North Korea artillery shots heard from South Korea island prompts alarm

  20 February 2016    Read: 1282
North Korea artillery shots heard from South Korea island prompts alarm
North Korea fired several artillery rounds into the sea near a disputed maritime border with South Korea on Saturday, causing alarm among residents on a nearby island in the South, but the shells did not fly across the border, the South`s military said.
The two Koreas are in a tense political standoff after the North`s nuclear test in January and a long-range rocket launch on Feb. 7. South Korea and the United States say they were grave violations of U.N. Security Council resolutions.

The allies are expected to begin large-scale annual military drills in early March, which the North calls preparations for war and routinely vows retaliation over.

Saturday`s firing, heard from the island of Baengnyeong, was probably aimed in a northwestern direction from the North`s shore as part of an exercise, a South Korean defense ministry official said by telephone, asking not to be named.

The South`s office of the Joint Chiefs of Staff later said there were several rounds of artillery fire, revising a comment by the ministry official that there had been a single shot, and there were no other unusual movements by the North`s military.
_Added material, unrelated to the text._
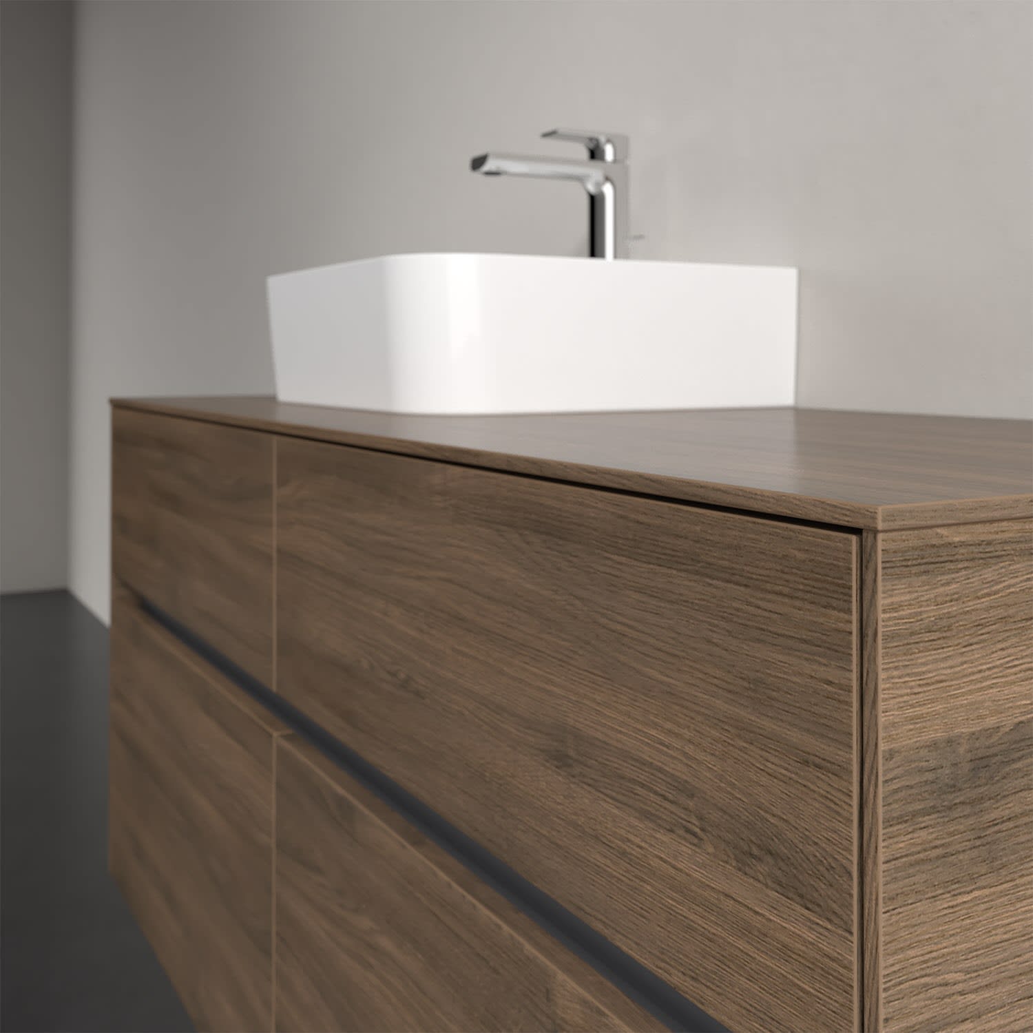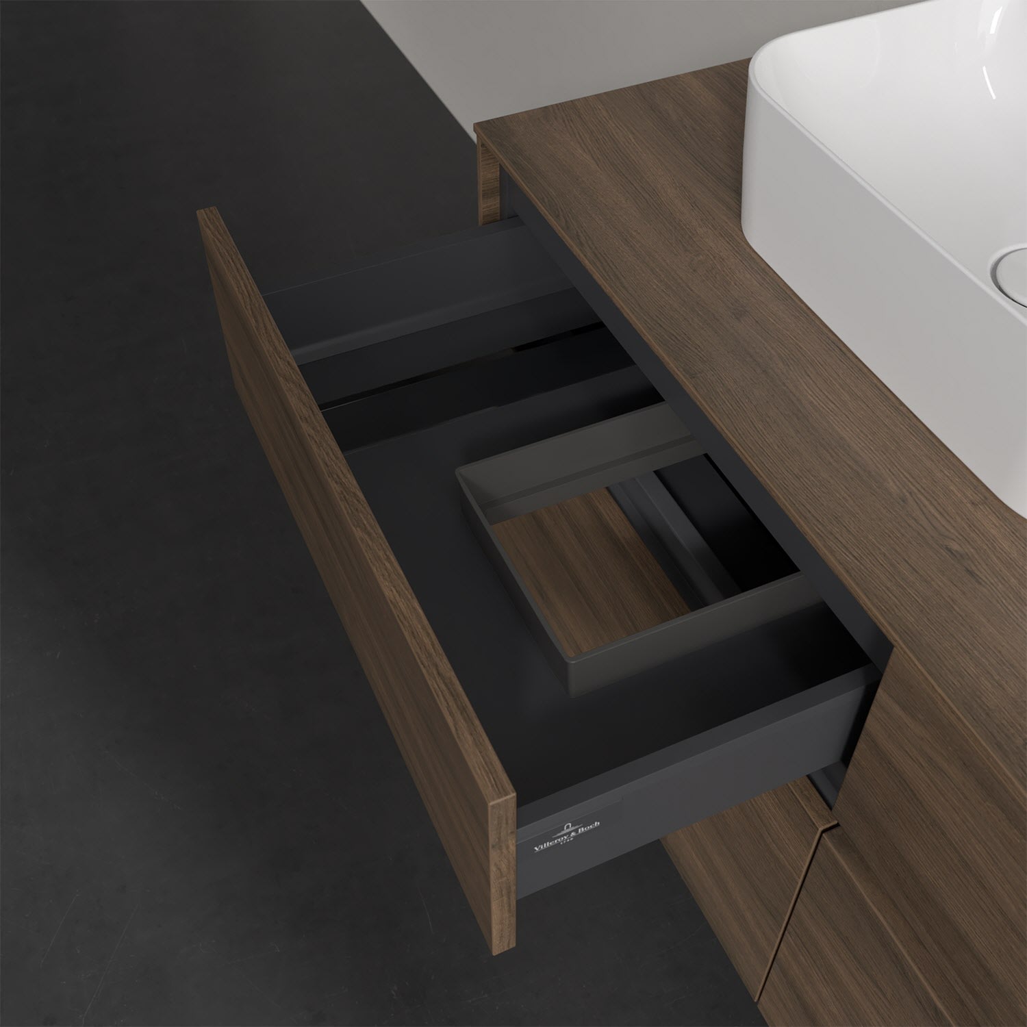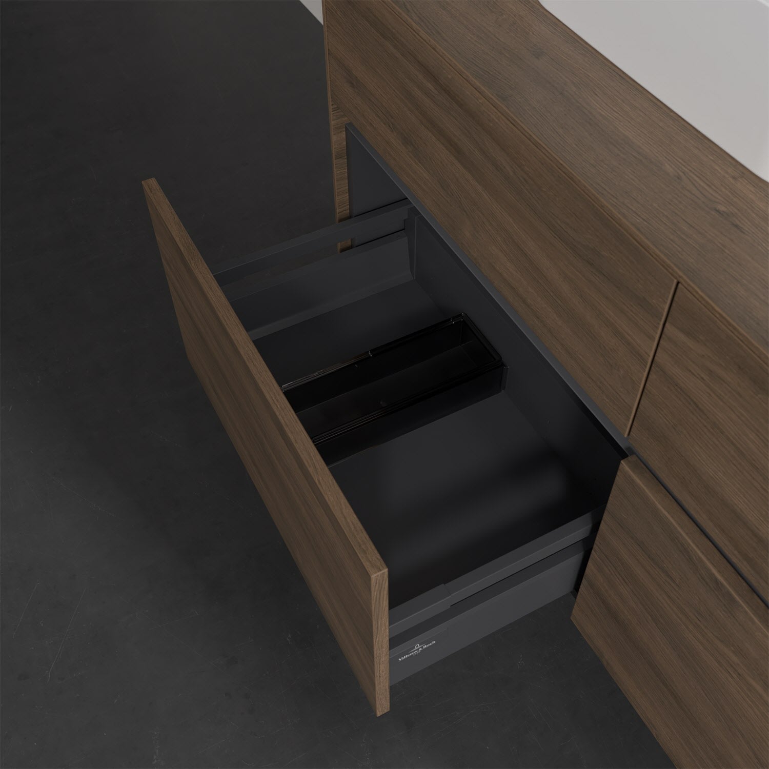 Stauraumwunder im zeitgemäßen Design: Der Villeroy & Boch Waschbeckenunterschrank aus der Collaro Kollektion eignet sich besonders für Familienbäder und bietet genau den Platz, der dort benötigt wird. Eine integrierte Griffleiste sorgt für eine schlichte, moderne Front. Im Inneren bietet das Möbelstück mit vier Auszügen erstaunlich viel Komfort – ermöglicht durch großzügiges Platzangebot und den integrierten Antirutschboden. Variabel setzbare Glasabtrennungen und mitgelieferte Accessory Boxen sorgen für den nötigen Überblick. Dank SoftClosing und Selbsteinzug lassen sich die Auszüge nach der Nutzung lautlos schließen. Für eine besonders leichte Pflege sorgt die pflegeleichte Direktbeschichtung.

South Korea suspended the operation of a jointly run factory park in the North, closing what had been the last window of regular interaction born out of a summit meeting in 2000, when leaders pledged to work for peace and reconciliation.

The area is near the scene of the sinking of a South Korean navy ship in 2010 that the South blames on the North, although Pyongyang denies any role.

The island of Baengnyeong sits just a few kilometers (miles) from the disputed Northern Limit Line (NLL) border and less than 20 km (12 miles) at its closest point to the North`s shore.